In 2008 the total number of full-time equivalent jobs was 138. The number of jobs in the primary sector was 34, of which 32 were in agriculture and 2 were in forestry or lumber production. The number of jobs in the secondary sector was 15 of which 3 or (20.0%) were in manufacturing and 10 (66.7%) were in construction. The number of jobs in the tertiary sector was 89. In the tertiary sector; 34 or 38.2% were in wholesale or retail sales or the repair of motor vehicles, 4 or 4.5% were in the movement and storage of goods, 14 or 15.7% were in a hotel or restaurant, 2 or 2.2% were in the information industry, 6 or 6.7% were technical professionals or scientists, 18 or 20.2% were in education and 1 was in health care.

In 2000, there were 73 workers who commuted into the municipality and 547 workers who commuted away. The municipality is a net exporter of workers, with about 7.5 workers leaving the municipality for every one entering. About 12.3% of the workforce coming into Collex-Bossy are coming from outside Switzerland, while 0.2% of the locals commute out of Switzerland for work.

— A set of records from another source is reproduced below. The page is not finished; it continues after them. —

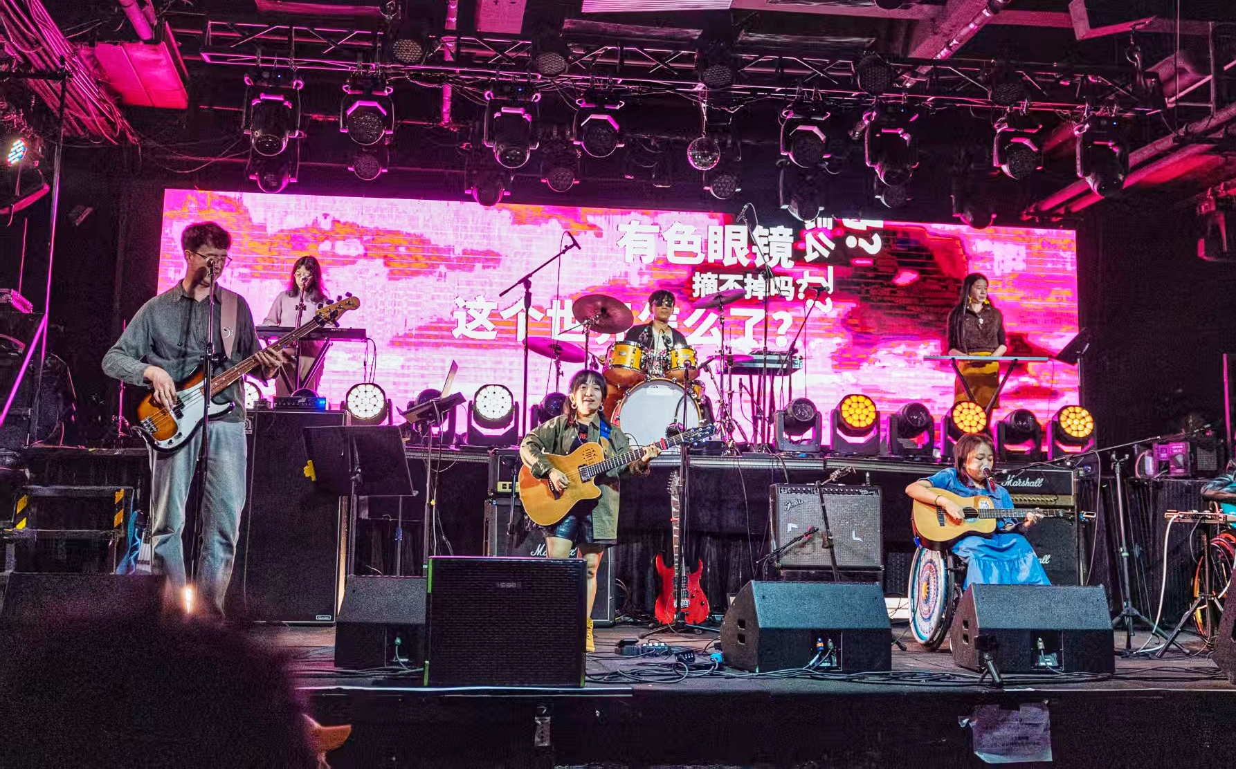演出现场,300余名观众齐聚,既有相伴多年的老友,也有新朋、病友及公益、媒体伙伴。乐队带来四首全新原创作品首唱,并演绎了《我们都有病》《从不罕见》两张专辑中的曲目,歌曲均由身患成骨不全症、马凡综合征等罕见病的成员创作。间奏时刻,乐队抛洒“药丸”纪念品,借歌词“我们都有病,没有爱不行”传递对生活的热爱与对观众的谢意。义务辅导乐队十年的马歌老师,携天空乐队、乐天派乐队及丁一格登台助唱,将现场氛围推向高潮。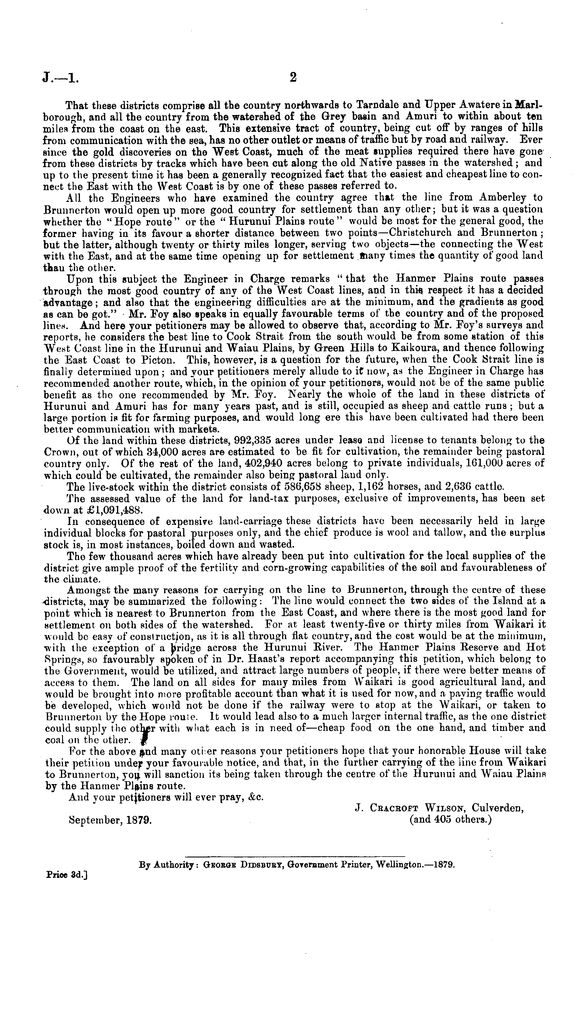 That these districts comprise all the country northwards to Tarndale and Upper Awatere in Marlborough, and all the country from the watershed of the Grey basin and Amuri to within about ten miles from the coast on the east. This extensive tract of country, being cut off by ranges of hills from communication with the sea, has no other outlet or means of traffic but by road and railway. Ever since the gold discoveries on the West Coast, much of the meat supplies required there have gone from these districts by tracks which have been cut along the old Native passes in the watershed ; and up to the present time it has been a generally recognized fact that the easiest and cheapest line to connect the East with the West Coast is by one of these passes referred to. All the Engineers who have examined the country agree that the line from Amberley to Brunnerton would open up more good country for settlement than any other; but it was a question whether the " Hope route " or the " Hurunui Plains route " would be most for the general good, the former having in its favour a shorter distance between two points —Christchurch and Brunnerton ; but the latter, although twenty or thirty miles longer, serving two objects —the connecting the West with the East, and at the same time opening up for settlement many times the quantity of good land thau the other. Upon this subject the Engineer in Charge remarks " that the Hanmer Plains route passes through the most good country of any of the West Coast lines, and in this respect it has a decided advantage ; and also that the engineering difficulties are at the minimum, and the gradients as good as can be got." Mr. Foy also speaks in equally favourable terms of the country and of the proposed lines. And here your petitioners may be allowed to observe that, according to Mr. Foy's surveys and reports, he considers the best line to Cook Strait from the south would be from some station of this West Coast line in the Hurunui and Waiau Plains, by Green Hills to Kaikoura, and thence following the East Coast to Pieton. This, however, is a question for the future, when the Cook Strait line is finally determined upon; and your petitioners merely allude to it now, as the Engineer in Charge has recommended another route, which, in the opinion of your petitioners, would not be of the same public benefit as tho one recommended by Mr. Foy. Nearly the whole of the land in these districts of Hurunui and Amuri has for many years past, and is still, occupied as sheep and cattle runs ; but a large portion is fit for farming purposes, and would long ere this have been cultivated had there been better communication with markets. Of the land within these districts, 992,335 acres under lease and license to tenants belong to the Crown, out of which 34,000 acres are estimated to be fit for cultivation, the remainder being pastoral country only. Of the rest of the land, 402,940 acres belong to private individuals, 161,000 acres of which could be cultivated, the remainder also being pastoral land only. The live-stock within the district consists of 586,658 sheep, 1,162 horses, and 2,636 cattle. The assessed value of the land for land-tax purposes, exclusive of improvements, has been set down at £1,091,455. In consequence of expensive land-carriage these districts have been necessarily held in large individual blocks for pastoral purposes only, and the chief produce is wool and tallow, and the surplus stock is, in most instances, boiled down and wasted. The few thousand acres which have already been put into cultivation for the local supplies of the district give ample proof of the fertility and corn-growing capabilities of the soil and favourableness of the climate. Amongst the many reasons for carrying on the line to Brunnerton, through the centre of these •districts, may be summarized the following: The line would connect the two sides of the Island at a point which is nearest to Brunnerton from the East Coast, and where there is the most good land for settlement on both sides of the watershed. For at least twenty-five or thirty miles from Waikari it would be easy of construction, as it is all through flat country, and the cost would be at the minimum, with the exception of a bridge across the Hurunui River. The Hanmer Plains Reserve and Hot Springs, so favourably spoken of in Dr. Haast's report accompanying this petition, which belong to the Government, would be utilized, and attract large numbers of people, if there were better means of access to them. The land on all sides for many miles from Waikari is good agricultural land, and would be brought into more profitable account than what it is used for now, and a paying traffic would be developed, which would not be done if the railway were to Btop at the Waikari, or taken to Brunnerton by the Hope roui c. It would lead also to a much larger internal traffic, as the one district could supply the other with what each is in need of —cheap food on the one hand, and timber and coal on the other. For the above and many otior reasons your petitioners hope that your honorable House will take their petition under your favourable notice, and that, in the further carrying of the line from Waikari to Brunnerton, you. will sanction its being taken through the centre of the Hurunui and Waiau Plains by the Hanmer Plains route. And your petitioners will ever pray, &c. J. Ceaceoet Wilson, Culverden, September, 1879. (and 405 others.)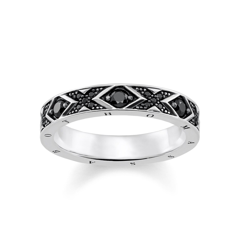 La decoración con circonitas: La utilización de piedras para embellecer las joyas es una constante a lo largo de la historia de la joyería. En este anillo se han utilizado circonitas negras y se han dispuesto en un diseño geométrico, sin principio ni final.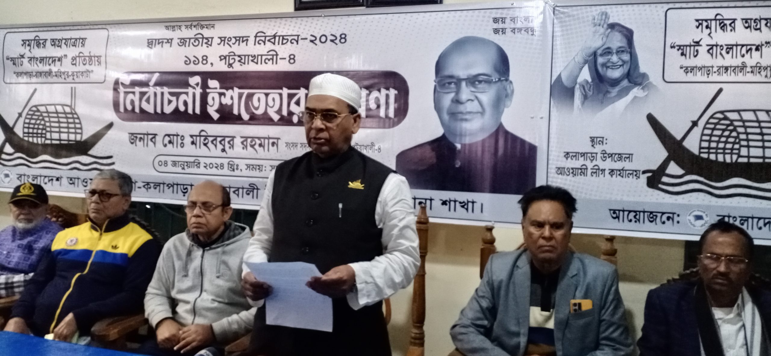 আপন নিউজ অফিসঃ পটুয়াখালী-৪ আসনের প্রতিটি জনপদকে সন্ত্রাস, চাঁদাবাজ, সিন্ডিকেট, সালিশবাজ,মাদক ও ভূমিদস্যুমুক্ত শান্তিময় জনপদ গড়ে তোলার দৃঢ় প্রত্যয় ব্যক্ত করে দ্বাদশ জাতীয় সংসদ নির্বাচনী ইশতেহার ২০২৪ ঘোষণা করেছেন নৌকা প্রতীকের প্রার্থী মো: মহিববুর রহমান।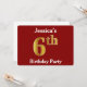 This invitation design features the ordinal number "6th" with a faux gold-like appearance. It also features a personalised name, and a red background. The event details on the back can be customised. It could be used to invite people to somebody’s sixth birthday party. [~Z0000012]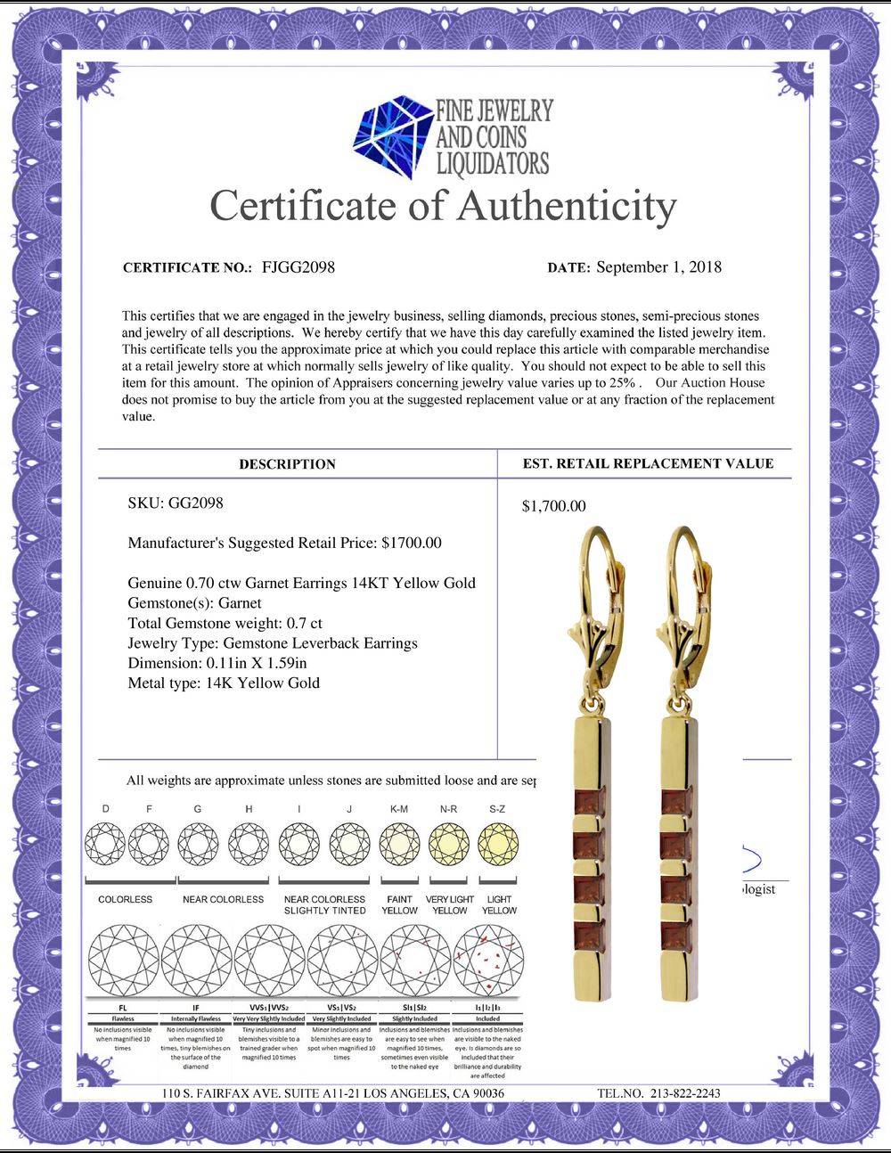 Genuine 14K Yellow Gold 0.7 ctw Garnet Earrings

Of the working population, 11.4% used public transportation to get to work, and 71.8% used a private car.

==Religion==
From the 2000 census, 465 or 36.4% were Roman Catholic, while 326 or 25.5% belonged to the Swiss Reformed Church. Of the rest of the population, there were 8 members of an Orthodox church (or about 0.63% of the population), there was 1 individual who belongs to the Christian Catholic Church, and there were 18 individuals (or about 1.41% of the population) who belonged to another Christian church. There was 1 individual who was Jewish, and 10 (or about 0.78% of the population) who were Islamic. There was 1 person who was Buddhist and 1 individual who belonged to another church. 302 (or about 23.61% of the population) belonged to no church, are agnostic or atheist, and 146 individuals (or about 11.42% of the population) did not answer the question.

==Education==
In Collex-Bossy about 386 or (30.2%) of the population have completed non-mandatory upper secondary education, and 311 or (24.3%) have completed additional higher education (either university or a Fachhochschule). Of the 311 who completed tertiary schooling, 38.9% were Swiss men, 30.9% were Swiss women, 16.1% were non-Swiss men and 14.1% were non-Swiss women.

During the 2009–2010 school year there were a total of 374 students in the Collex-Bossy school system. The education system in the Canton of Geneva allows young children to attend two years of non-obligatory Kindergarten. During that school year, there were 38 children who were in a pre-kindergarten class. The canton's school system provides two years of non-mandatory kindergarten and requires students to attend six years of primary school, with some of the children attending smaller, specialized classes. In Collex-Bossy there were 46 students in kindergarten or primary school and 6 students were in the special, smaller classes. The secondary school program consists of three lower, obligatory years of schooling, followed by three to five years of optional, advanced schools. There were 46 lower secondary students who attended school in Collex-Bossy. There were 73 upper secondary students from the municipality along with 15 students who were in a professional, non-university track program. An additional 61 students attended a private school.

As of 2000, there were 14 students in Collex-Bossy who came from another municipality, while 163 residents attended schools outside the municipality.